(Beginning of Data provided)
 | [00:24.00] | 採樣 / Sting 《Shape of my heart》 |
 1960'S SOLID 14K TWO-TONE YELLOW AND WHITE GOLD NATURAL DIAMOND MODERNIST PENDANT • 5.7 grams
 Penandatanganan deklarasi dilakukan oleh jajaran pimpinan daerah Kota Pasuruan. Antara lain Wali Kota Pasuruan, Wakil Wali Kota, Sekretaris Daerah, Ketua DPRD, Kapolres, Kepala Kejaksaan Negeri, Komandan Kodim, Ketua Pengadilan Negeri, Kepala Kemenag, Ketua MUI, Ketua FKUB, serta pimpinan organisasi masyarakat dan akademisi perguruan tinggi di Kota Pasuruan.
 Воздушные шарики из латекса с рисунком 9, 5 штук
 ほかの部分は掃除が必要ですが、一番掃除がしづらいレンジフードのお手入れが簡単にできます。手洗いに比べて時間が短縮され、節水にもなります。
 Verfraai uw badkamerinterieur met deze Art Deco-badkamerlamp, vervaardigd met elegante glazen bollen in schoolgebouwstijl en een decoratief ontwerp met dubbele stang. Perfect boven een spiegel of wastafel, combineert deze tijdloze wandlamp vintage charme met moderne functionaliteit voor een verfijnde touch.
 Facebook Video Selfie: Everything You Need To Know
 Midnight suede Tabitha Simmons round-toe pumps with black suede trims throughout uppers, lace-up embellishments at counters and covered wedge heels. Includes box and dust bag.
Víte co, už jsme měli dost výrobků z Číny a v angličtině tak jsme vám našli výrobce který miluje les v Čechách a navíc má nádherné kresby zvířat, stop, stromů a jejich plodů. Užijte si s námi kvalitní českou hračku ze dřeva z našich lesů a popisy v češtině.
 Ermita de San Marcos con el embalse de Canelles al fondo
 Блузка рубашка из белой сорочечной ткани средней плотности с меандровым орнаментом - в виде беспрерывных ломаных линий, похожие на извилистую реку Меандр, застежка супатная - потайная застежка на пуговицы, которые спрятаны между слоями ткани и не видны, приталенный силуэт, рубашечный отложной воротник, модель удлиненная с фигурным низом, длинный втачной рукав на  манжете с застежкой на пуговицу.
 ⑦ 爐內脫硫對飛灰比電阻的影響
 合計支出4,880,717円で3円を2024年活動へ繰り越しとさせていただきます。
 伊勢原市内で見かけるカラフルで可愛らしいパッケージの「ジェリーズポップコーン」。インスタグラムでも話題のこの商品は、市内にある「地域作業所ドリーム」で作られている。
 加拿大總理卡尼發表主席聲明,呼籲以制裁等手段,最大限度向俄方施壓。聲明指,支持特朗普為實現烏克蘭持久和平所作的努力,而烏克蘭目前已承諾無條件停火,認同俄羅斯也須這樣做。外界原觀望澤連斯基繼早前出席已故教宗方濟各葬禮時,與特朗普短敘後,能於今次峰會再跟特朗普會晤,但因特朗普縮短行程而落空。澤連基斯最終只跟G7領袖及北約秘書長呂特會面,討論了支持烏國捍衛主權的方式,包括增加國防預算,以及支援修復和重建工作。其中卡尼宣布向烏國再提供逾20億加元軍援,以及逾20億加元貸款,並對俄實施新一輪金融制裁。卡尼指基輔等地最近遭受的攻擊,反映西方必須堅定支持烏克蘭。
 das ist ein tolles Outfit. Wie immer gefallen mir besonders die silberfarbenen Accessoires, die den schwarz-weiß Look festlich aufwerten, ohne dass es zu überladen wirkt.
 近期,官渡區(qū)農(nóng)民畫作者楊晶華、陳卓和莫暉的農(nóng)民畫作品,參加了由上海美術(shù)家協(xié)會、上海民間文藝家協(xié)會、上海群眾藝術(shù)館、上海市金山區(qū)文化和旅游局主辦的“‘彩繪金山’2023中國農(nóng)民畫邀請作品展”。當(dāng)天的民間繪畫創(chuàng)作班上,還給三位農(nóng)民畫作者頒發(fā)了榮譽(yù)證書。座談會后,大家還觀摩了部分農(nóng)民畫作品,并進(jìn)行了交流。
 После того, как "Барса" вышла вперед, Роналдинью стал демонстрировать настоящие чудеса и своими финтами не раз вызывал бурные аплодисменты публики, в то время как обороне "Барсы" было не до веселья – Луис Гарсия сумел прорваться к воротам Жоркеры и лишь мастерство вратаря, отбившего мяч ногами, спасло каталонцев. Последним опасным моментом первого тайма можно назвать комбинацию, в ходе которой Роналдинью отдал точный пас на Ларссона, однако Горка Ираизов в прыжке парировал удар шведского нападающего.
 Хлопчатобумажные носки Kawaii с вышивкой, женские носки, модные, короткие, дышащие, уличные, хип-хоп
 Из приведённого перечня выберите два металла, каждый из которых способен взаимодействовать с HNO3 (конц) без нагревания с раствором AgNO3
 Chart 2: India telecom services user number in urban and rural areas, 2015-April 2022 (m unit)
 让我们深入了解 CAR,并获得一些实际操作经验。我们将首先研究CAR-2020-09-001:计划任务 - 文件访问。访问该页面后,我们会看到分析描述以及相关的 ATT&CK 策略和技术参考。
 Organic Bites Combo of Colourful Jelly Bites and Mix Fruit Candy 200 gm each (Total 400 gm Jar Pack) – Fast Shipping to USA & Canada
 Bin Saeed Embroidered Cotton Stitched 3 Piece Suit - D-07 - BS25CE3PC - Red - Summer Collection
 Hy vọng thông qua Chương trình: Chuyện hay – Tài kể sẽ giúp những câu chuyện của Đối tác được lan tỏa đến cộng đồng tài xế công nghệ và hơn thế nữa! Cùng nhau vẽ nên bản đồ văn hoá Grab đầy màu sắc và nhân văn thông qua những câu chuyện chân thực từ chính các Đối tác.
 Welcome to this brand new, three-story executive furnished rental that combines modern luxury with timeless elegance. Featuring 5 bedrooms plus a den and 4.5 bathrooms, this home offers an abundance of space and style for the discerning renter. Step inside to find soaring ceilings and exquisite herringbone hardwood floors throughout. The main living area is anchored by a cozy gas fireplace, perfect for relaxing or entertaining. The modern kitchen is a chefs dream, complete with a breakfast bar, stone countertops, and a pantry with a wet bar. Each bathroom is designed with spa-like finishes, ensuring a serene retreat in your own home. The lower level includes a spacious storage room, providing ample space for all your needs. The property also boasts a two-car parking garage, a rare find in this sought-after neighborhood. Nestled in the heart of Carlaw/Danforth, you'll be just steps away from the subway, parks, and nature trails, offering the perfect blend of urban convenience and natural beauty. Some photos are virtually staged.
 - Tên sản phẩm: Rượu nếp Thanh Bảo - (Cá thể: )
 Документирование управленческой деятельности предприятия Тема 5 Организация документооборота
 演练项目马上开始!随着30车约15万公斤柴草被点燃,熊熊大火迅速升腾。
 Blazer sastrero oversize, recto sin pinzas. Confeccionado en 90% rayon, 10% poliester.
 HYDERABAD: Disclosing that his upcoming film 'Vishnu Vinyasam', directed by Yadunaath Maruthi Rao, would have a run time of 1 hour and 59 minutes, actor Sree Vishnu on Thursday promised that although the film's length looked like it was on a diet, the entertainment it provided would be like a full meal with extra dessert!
(End of Data provided)
## Assignment
Whenever a line holds "urban", it counts; state the total for the records and add nothing.

## Final answer
2